Everything on the website which starts with /perl/, such as the latest deposits page, all the submission pages and the search pages.

These pages are created by mod_perl. The mod_perl part of eprints (the web server) only loads the config files once when you start apache.

To force the webserver to reload the configuration, either stop and start it, or run "force_config_reload" (although this is inefficient, it's handy if you're making lots of little changes.

"View" Pages

Everything on the website which starts with /view/

These are the browse-by-subject, browse-by-year etc, pages.

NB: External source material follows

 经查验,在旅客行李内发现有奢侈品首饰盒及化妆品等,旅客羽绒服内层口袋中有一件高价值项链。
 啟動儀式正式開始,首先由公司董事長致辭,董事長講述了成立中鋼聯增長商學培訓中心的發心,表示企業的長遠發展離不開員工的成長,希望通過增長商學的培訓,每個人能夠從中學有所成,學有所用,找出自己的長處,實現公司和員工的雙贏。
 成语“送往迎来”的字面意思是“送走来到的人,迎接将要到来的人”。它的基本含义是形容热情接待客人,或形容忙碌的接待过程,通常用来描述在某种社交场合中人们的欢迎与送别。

They are built by the script "generate_views" either on the command line or as an automated cron job.

We are going to ignore view pages to keep the workshop simple.

"Abstract" Pages

The pages which describe a record. eg. http://eprints.soton.ac.uk/44/

These are generated by the webserver part of eprints (see dynamic pages, above) but can be generated on the command line using generate_abstracts.

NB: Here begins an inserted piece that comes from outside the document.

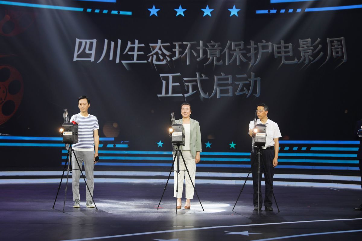 为推广公益环保理念,让更多人参与到生态环境保护事业中来,四川省首次策划环保电影周活动。著名演员雷汉来到现场助阵,他说,希望出现越来越多的环保主题电影,可以警醒、鼓励大家重视环保。随后,峨眉电影集团董事长韩梅、生态环境厅总工程师赵乐晨上台,与雷汉共同按下摄影机的开机键,“美丽中国,我是行动者——绿动生活 影像四川”环保电影周活动正式启动!
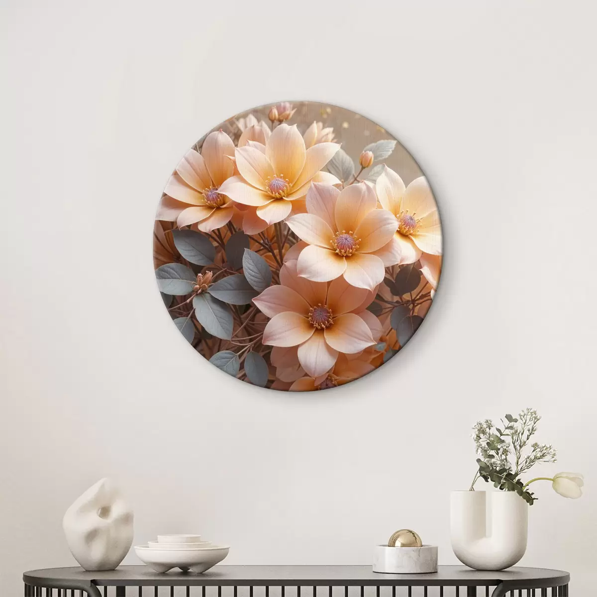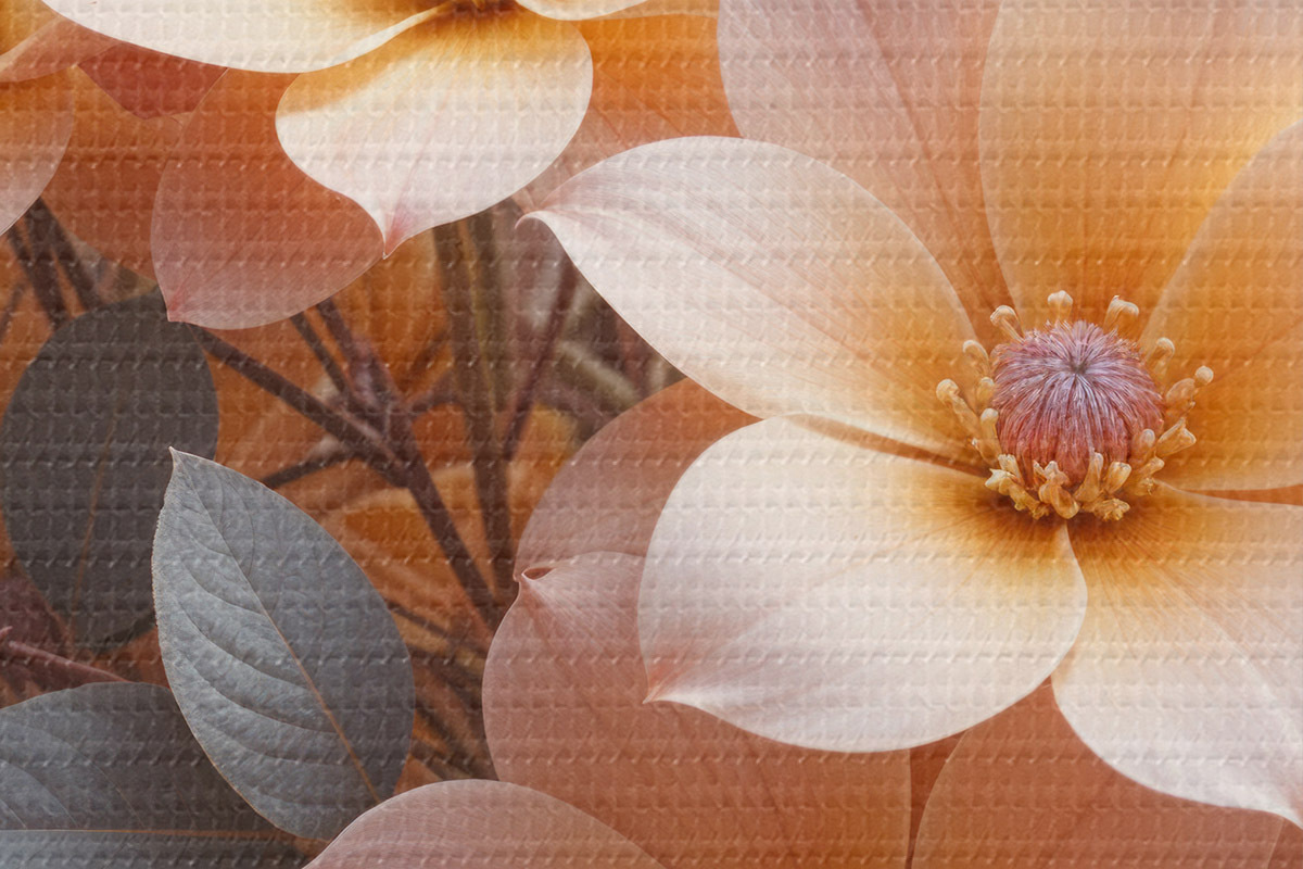 Obrázek Jemné květy jiřinek broskvové barvy v plném květu s měkkými okvětními lístky na rozmazaném pozadí Nr r40024

We are also going to ignore abstract pages in todays workshop.

Changing the Web Site Template

Edit /opt/eprints2/archives/myid/cfg/template-en.xml

Add a horizontal ruler under the title: find the "h1" element and on the next line add <hr />

Note that this file is XML so all tags must be closed correctly.

If you feel confident, make some more interesting changes too.

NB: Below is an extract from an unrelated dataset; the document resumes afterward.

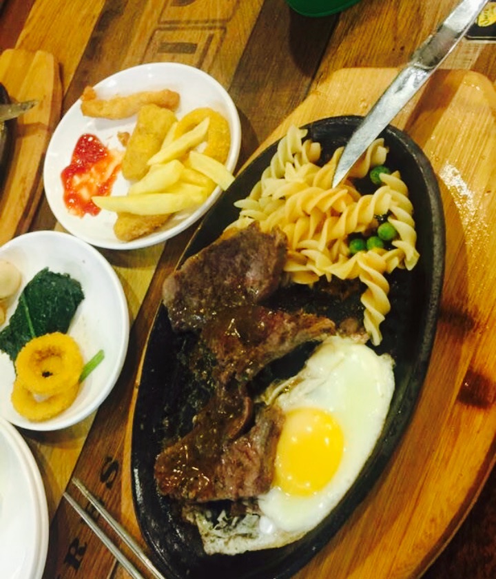 大约是九月份去的吧,带着侄子一共四个人去的。小孩110以下不收钱,感觉挺合理的。【地址】万达广场四楼,周末人超级多,我们去的时候十一点多,到十二点的时候,外面就排起了长队。【服务】,态度很好,一个阿姨说,不要给小孩喝饮品,让好好吃饭,好暖心。其它服务员看见你快用餐完,就会主动问还需要点牛排不。【环境】谈不上什么风格,地方其实挺拥挤的,大部分放置了摆台,简约干净就可以了。小小的空间都利用起来了,还有两人座,小角落也不浪费。【菜品】重点是牛排不限量,基本一个成年男人可以吃三块牛排的??菲力牛排很嫩,黑椒牛排是主打,羊排也很有风格,侄子说挺好吃的。还有其它小吃了,真心鲜美,娃娃吃的很开心。【整体】体验感很棒,饮品很多,这个价钱是中等。
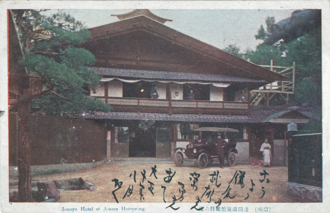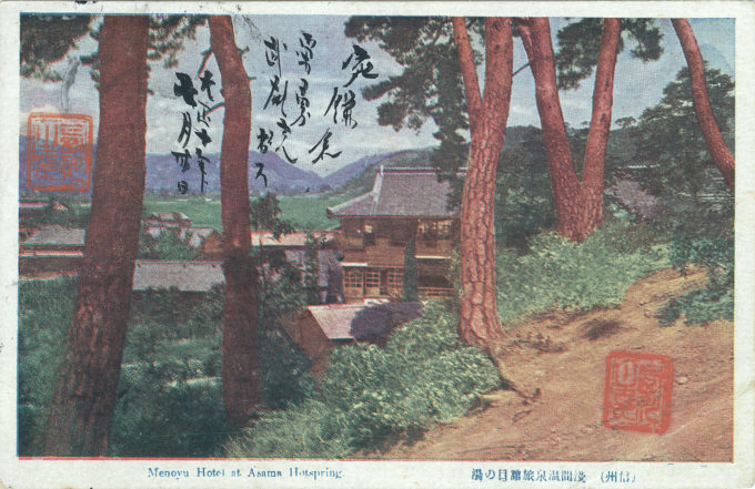 “Rather than stop at Matsumoto, those in search of pure air and the picturesque should repair to the spruce little vill. of Asama, 30 cho to the N.E., noted for its hot springs. Of the numerous inns, the best is the Me-no-yu.”

run force_config_reload and generate_static to apply your new template to the static and dynamic pages. note that we are skipping generate_views and generate_abstracts pages.

/opt/eprints2/bin/generate_static myid
/opt/eprints2/bin/force_config_reload myid

Changing the Stylesheet

Edit /opt/eprints2/archives/myid/cfg/static/general/eprints.css

Edit the "background" value for .header and .footer to be #ccffcc (light green).

Make more changes if you like.

Copy the new stylesheet into the live site:

/opt/eprints2/bin/generate_static myid

Have a shufty around the website using a web browser to see your changes!

Part Four: Adding a Field

There's an easy way and a hard way to add a metadata field. The hard way is to add it when you've already got data you care about in your archive, because you have to add it to the config files then alter the sql tables by hand to accomodate it. (There's a page on wiki.eprints.org if you ever need to know how to do that).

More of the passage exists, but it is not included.